A few weeks ago, for 3 days in a row I rode my 4 wheeler to the same field at about the same time (around 4 pm) and saw what appeared to be the same doe. She would be slightly startled when I drove up but then stop and stare at me for 2-3 minutes which is a fairly long time. On the 3rd day I actually shut off my 4 wheeler and stood up. She stared at me for a few seconds after I stood up then ran away.

I havent seen her since so I suspect she is in a bowhunter's freezer.

Funny creatures.


----------



## Mad Trapper (Feb 12, 2014)

I had a doe come into my garden when I was weeding. I didn't get upset until the bitch started in on my green beans. I hurled a rock and she jumped like a gazelle then hopped back into the field. 5 minutes later she's coming back for more beans and got stoned again.
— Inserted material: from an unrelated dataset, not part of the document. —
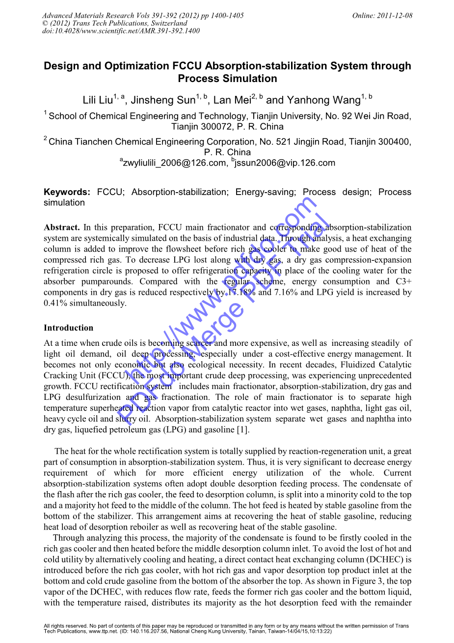 收稳定系统进行了系统的模拟。通过分析,在对富气进行冷却之前,先让其通过一列管式换热器进行热交换,从而充分利用压缩富气热量,以达到改善工艺流程的目的。为了减少干气中液化石油气的损失,提出了一种可产生冷量的压缩膨胀制冷循环工艺用以取代吸收塔中段回流所需的冷却水。相比于常规方案,此新工艺可使能量消耗和干气中C3组分分别减少17.18%和7.16%,与此同时,可使液化石油气的产量提高0.14%。

That deer just would not learn so she ended up in the freezer. Venison, green beans some carrots and corn........


----------



## Targetshooter (Dec 4, 2015)

Mad Trapper said:


> I had a doe come into my garden when I was weeding. I didn't get upset until the bitch started in on my green beans. I hurled a rock and she jumped like a gazelle then hopped back into the field. 5 minutes later she's coming back for more beans and got stoned again.
> 
> That deer just would not learn so she ended up in the freezer. Venison, green beans some carrots and corn........
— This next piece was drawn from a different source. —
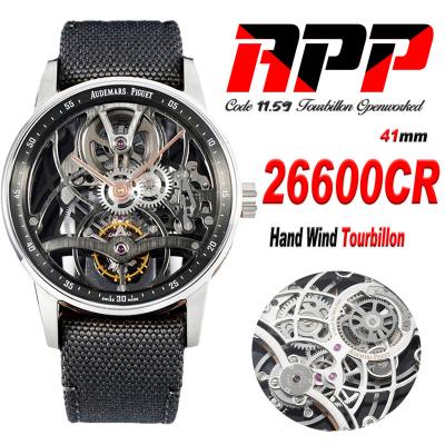 Code 11.59 26600 Tourbillon Automatic Mens Watch APPF Best Edition Black Skeleton Dial Gray Nylon Strap CHS

She wanted to be added to your meal , and she got her wish .


----------



## rstanek (Nov 9, 2012)

We run a generator for our deer camp, we hunt about a mile from camp, so it has no noticeable affect. We've never hunted where we camp.


----------



## Chipper (Dec 22, 2012)

Deer are just like people, in a way, and have different personality's. Some are very intelligent some are dumb as a rock. Dad would feed them behind the house for entertainment in his retirement years. It gave me a whole different perspective on hunting after watch them up close. Instead of blowing them away at first sight while hunting.


----------



## csi-tech (Apr 13, 2013)

I have a peculiar hunting ethic in that I only like to shoot big, angry, testosterone filled bruisers. We have landed on lean times in the past and I have taken dry does. My wife will be the first to say that I spend more time sleeping and drinking coffee in that stand than hunting which is probably true. They are never startled by the tractor and just sort of mill around and browse, it just really threw me for a curve when they are actually _drawn_ to camp by the sound of a generator of all things.


----------



## Sonya (Oct 20, 2016)

Chipper said:


> Deer are just like people, in a way, and have different personality's. Some are very intelligent some are dumb as a rock. Dad would feed them behind the house for entertainment in his retirement years. It gave me a whole different perspective on hunting after watch them up close. Instead of blowing them away at first sight while hunting.


Of course they do. Most all animals have rich personal lives but humans choose to ignore that so they can abuse or kill them without a second thought. Look how the Chinese treat their "meat dogs", including breeds like St. Bernards, they actually torture them before slaughter to change the flavor of the meat. To the Chinese dogs are stupid animals without any feeling, much the same way hunters in the US often choose to see deer, coyotes, etc...

Here is a neat video of a deer and a dog, the deer was abandoned (really) as a fawn and the dog became a surrogate mother.


----------



## RedLion (Sep 23, 2015)

When hunting you should always expect to see deer. They will show up at the most unexpectant times and locations. I am not surprised with the generator not scaring them away. Deer get used to noises and the presence of humans all of the time on farms.


----------



## Mad Trapper (Feb 12, 2014)

I had a coyote following me around the field as I was mowing with the tractor this summer. Sometimes 30-40 yds. He even just watched when I had to stop to adjust the mower.

I'm not too fond of yotes but was happy that he took at least a dozen mice and one rabbit.


----------